I made a splice junction library to map the bowtie unmapped reads (to genome) like this:
chr167000051+67091529 ccaccatgatggaaggattgaaaaaacgta 30 chr167091593+67098752 ggacactgattctacaggttcaccagatag 30 chr167098777+67101626 gatagagatggaattcagcccagcccacac 30 chr167101698+67105459 ggaaaaaaagtttcgaagaaaagcaatggg 30 chr167105516+67108492 gattgggaaagatataactcacctgagctg 30 chr167108547+67109226 ccgaggaacccggctctaccaaaggaaagc 30 #It's a CSV file
Now we want to make a negative control to know if the reads aligns to the library more than expected to do by chance alone. To do that, we want to scramble the sequences at second column of the CSV generated.

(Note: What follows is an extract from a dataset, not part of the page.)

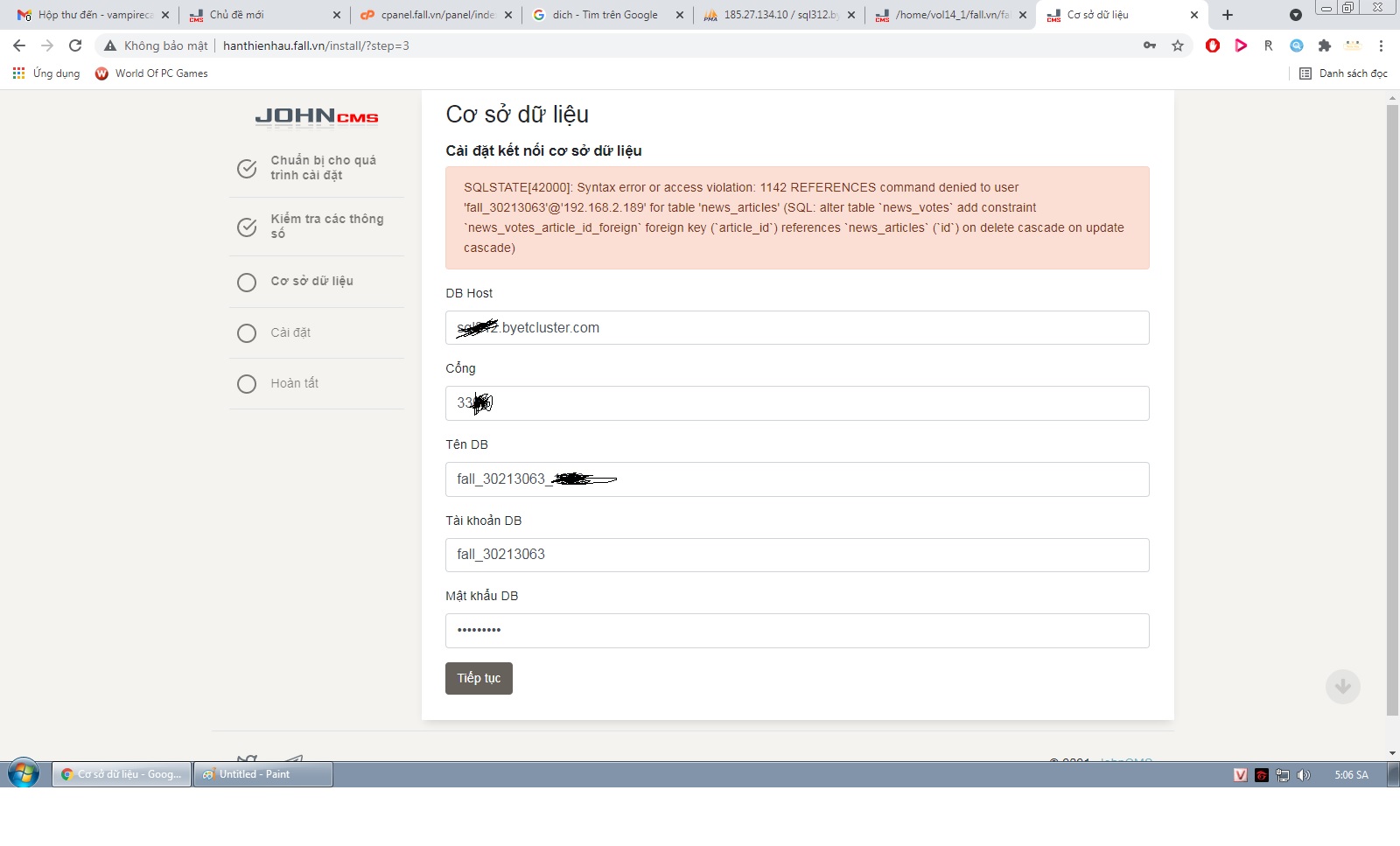 tamhoangdk, The database user does not have sufficient rights.

I'm learning python and programming in general, and I made the script to generate the splice junction library by myself. So, you can help me telling me a python tip to scramble a string or letting me know about some tool to scramble a column of a CSV (or sequences of a multifasta file).
Bash tips using AWK, sed or wherever are also welcome.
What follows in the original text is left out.